Едва заговорила принцесса, как незнакомец быстро повернулся к ней и стал смотреть ей прямо в глаза. При этом весь вид его изменился. Исчезло выражение задумчивой мечтательности, исчезла нежность в глазах, странная блуждающая улыбка появилась на губах, горькая ирония появилась на лице. Принцесса остановилась в середине речи, как бы пораженная электрическим ударом, и, вся покраснев, стояла, опустив глаза.
Казалось, незнакомец хотел что-то сказать, но в эту минуту заговорила Юлия.
– Ну не глупа ли я, – сказала она, – что пугаюсь и плачу, как малое дитя, наказанное за лакомство? Я действительно лакомилась: я наслаждалась чудными звуками вашей гитары. Во всем виноваты гитара и наше любопытство. Мы подслушали, как вы мило разговаривали с вашей гитарой, и видели, как потом, рассердившись, вы бросили бедняжку в кусты; она испустила громкий, жалобный вздох. Это поразило меня в самое сердце; я пошла в кусты и отыскала гитару. А потом… вы сами знаете, каковы девушки… я начала что-то бренчать на гитаре, и, раз уж она попалась мне в руки, я не могла с ней расстаться. Пожалуйста, извините меня и возьмите ваш инструмент.
И Юлия протянула незнакомцу гитару.
– Это очень редкий и звучный инструмент, – сказал незнакомец, – он принадлежит доброму старому времени, но в моих неловких руках… на что похожи эти руки!.. Куда они годятся?.. Удивительный дух гармонии, заключенный в этой странной вещице, живет также и в моей груди, но только он связан и неспособен сделать ни одного свободного движения. Из вашей же души он летит к небесам в тысяче переливающихся красок, как блестящая, пестрая бабочка! Когда вы пели, вся мука тоскующей любви, весь восторг сладостных грез, надежд и желаний – все это носилось по лесу и спускалось живительной росой в благоуханные венчики цветов и в грудь внимающих соловьев! Сохраните инструмент у себя. Вы одни повелеваете чарами, которые в нем заключены.
– Но ведь вы в гневе бросили инструмент, – сказала Юлия, сильно краснея.
– Это правда, – ответил незнакомец, порывисто схватывая гитару и прижимая ее к груди, – я бросил его, а теперь беру назад, как святыню, и никогда больше с ним не расстанусь.

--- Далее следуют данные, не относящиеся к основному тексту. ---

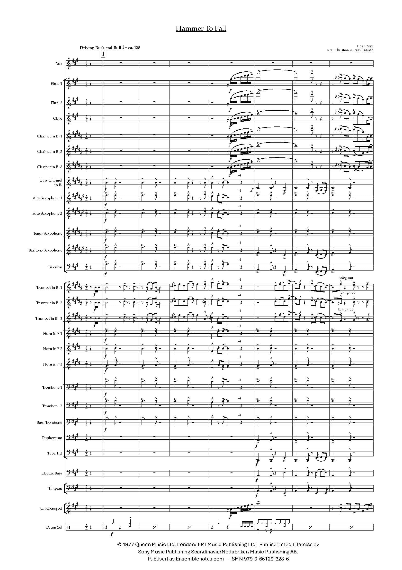 HAMMER TO FALL – Vokal med janitsjar (CB) – Queen-arr Christian Aftreth Eriksen (Originaltoneart)

Но тут лицо незнакомца снова приняло вид комической маски, и он сказал холодным тоном:
– Случай или, вернее, мой злой гений сыграл со мной очень плохую шутку: я должен был явиться перед вами, многоуважаемые дамы, совершенно ex abrupto[16], как говорили римляне и другие почтенные господа. О боже мой! Ваша светлость, рискните осмотреть меня с головы до ног. Быть может, вы заметите по моему костюму, что я собрался делать визиты. Я хотел побывать в Зигхартсвейлере и оставить этому доброму городу если не мою особу, то хоть мою визитную карточку. Не думаете ли вы, принцесса, что у меня мало связей? Но разве гофмаршал вашего папаши не был моим истинным другом? Я уверен, что если бы он меня увидел здесь, он прижал бы меня к своей атласной груди и сказал бы в волнении, предлагая мне табакерку: «Мы здесь одни, мой милый, и я могу дать волю моему сердцу». И я получил бы аудиенцию у светлейшего князя Иринея и был бы представлен также и вам, о принцесса, и заслужил бы ваше расположение, – бьюсь об заклад и ставлю мою лучшую коллекцию септ-аккордов против одной пощечины. Но здесь, в саду, в самом неприличном месте, между утиным прудом и лягушечьим болотом, я должен представляться сам, к моему великому горю. Боже мой! Если бы я умел колдовать хоть настолько, чтобы subito[17] превратить эту благородную зубочистку (он вынул зубочистку из жилетного кармана) в самого блестящего камергера княжеского двора, он взял бы меня под свое покровительство и сказал бы: «Ваша светлость, вот такой-то и такой-то»… Но теперь… che far, che dir![18] Простите, простите, о принцесса! О благородные дамы и господа!
Здесь незнакомец бросился на колени перед принцессой и запел пронзительным голосом: «Ah, pietà, pietà, signora!»[19]
Принцесса схватила Юлию за руку и побежала так быстро, как только могла, с громким криком:
– Это сумасшедший! Он убежал из сумасшедшего дома!
Из дворца вышла советница Бенцон и пошла навстречу девушкам, которые, едва дыша, почти упали к ее ногам.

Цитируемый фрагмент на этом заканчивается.